Abstract
Abstract
Purpose
To develop and evaluate the reliability of an explicit set of parameters and criteria for simple bone cysts (SBCs) and evaluate the reliability of single versus serial chronological reading methods
Methods
Radiographic criteria were developed based on the literature and expert consensus. A single anteroposterior/lateral radiograph from 32 subjects with SBC were evaluated by three radiologists. A second reading was then conducted using revised criteria including a visual schematic. In the third reading the same images were assessed but radiologists had access to images from two additional time points. Inter-rater reliability was assessed after each reading using kappa (κ) and percentage agreement for categorical and binary parameters and intra-class correlation coefficient (ICC) for continuous parameters.
Results
Parameters that were revised with more explicit definitions including the visual schematic demonstrated consistent or improved inter-rater reliability with the exception of continuous cortical rim present and cyst location in the metaphysis and mid-diaphysis. Cortical rim displayed only slight reliability throughout (κ= -0.008 to 0.16). All other categorical parameters had a percentage agreement above 0.8 or a moderate (κ= 0.41 to 0.60), substantial (κ = 0.61 to 0.80) or almost perfect inter-rater reliability (κ = 0.81 to 1.0) in at least one reading. All continuous parameters demonstrated excellent inter-rater reliability (ICC > 0.75) in at least one reading with the exception of scalloping (ICC = 0.37 to 0.70).
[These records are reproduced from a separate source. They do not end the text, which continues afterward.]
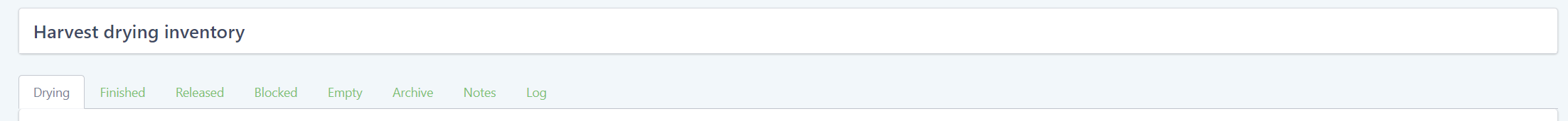 Drying inventory has gotten a tab for each state a drying batch can be in: Drying (ongoing drying process), Finished, Released, Blocked and Empty. This results in a more intuitive user experience.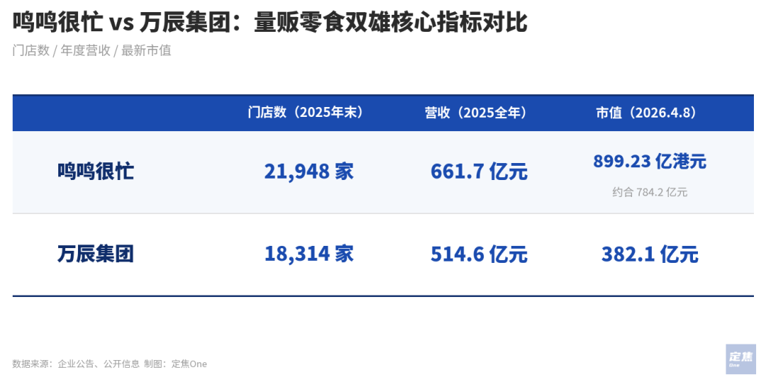 两份财报放在一起看,行业规模还在狂奔。2025年,鸣鸣很忙以21948家门店、661.7亿元营收登顶,万辰集团以18314家门店、514.6亿元营收紧随其后,二者合计占据75.5%市场份额。截至4月8日收盘,鸣鸣很忙市值为784.2亿元,万辰集团为382.11亿元,不足前者一半。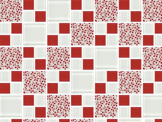Papel de Parede Autocolante com Pastilhas Vermelhas ou Pretas com Flores

Inter-rater reliability values did not indicate an obviously superior method of assessment between single and serial chronological readings.
Conclusion
Explicit criteria for SBC parameters used in their assessment demonstrated improved and substantial inter-rater reliability. Inter-rater reliability did not differ between single and serial chronological readings.
Level of Evidence
Not Applicable
Introduction
Simple bone cysts (SBC) otherwise known as unicameral bone cysts are the most common benign bone lesions in children and adolescents.1,2 Patients with SBCs usually present with fracture or pain in the affected limb.3–5 SBCs have a high probability of recurrence and repeat fracture after treatment,3,6–10 and may even cause discrepant limb lengths or angular deformity.1,4,7,11 While benign, SBCs can have a life-long impact on children through risk of fracture and activity restriction, thus, clinicians need reliable measures for their assessment.8,10,12
The radiographic features of SBC can include those used for diagnosis such as the location of the cyst, prognosis such as the cyst index, 13 or as an outcome of treatment, for instance, the Neer classification. 14 Other SBC features are also consistent with various benign bone lesions, such as cortical reaction. However, few of these parameters have been shown to be reliable and the absence of specific criteria may partially explain the conflicting findings as to which characteristics can be used to predict healing or fracture.12,13
Beyond the criteria used to evaluate an evolving disease such as SBC, whether radiographs should either be interpreted individually without review of prior images or assessed in a chronological series has received little attention in the orthopaedic literature. While serial chronological readings may introduce bias from prior examinations, 15 it may be advantageous to have an illustration of the chronological progression of the disease which could lead to assessments more sensitive to change.15,16
The purpose of this study was: a) to evaluate the reliability of radiographic criteria used in diagnosis, prognosis or outcome of SBC as a typical benign bone lesion; and b) to evaluate the reliability of a single
Materials and methods
Patient sample
The patient sample consisted of 32 patients aged four to 14 years (median ten years) with a radiographic diagnosis of a SBC. All participants were previously enrolled in a multi-centre trial for the treatment of a SBC. 17 For each study subject, an anteroposterior (AP) and lateral (Lat) radiograph of the cyst at baseline, one year and two years post-treatment were obtained and de-identified. Approval for this study was granted by the institutional research ethics board of the Hospital for Sick Children, Toronto, Ontario, Canada.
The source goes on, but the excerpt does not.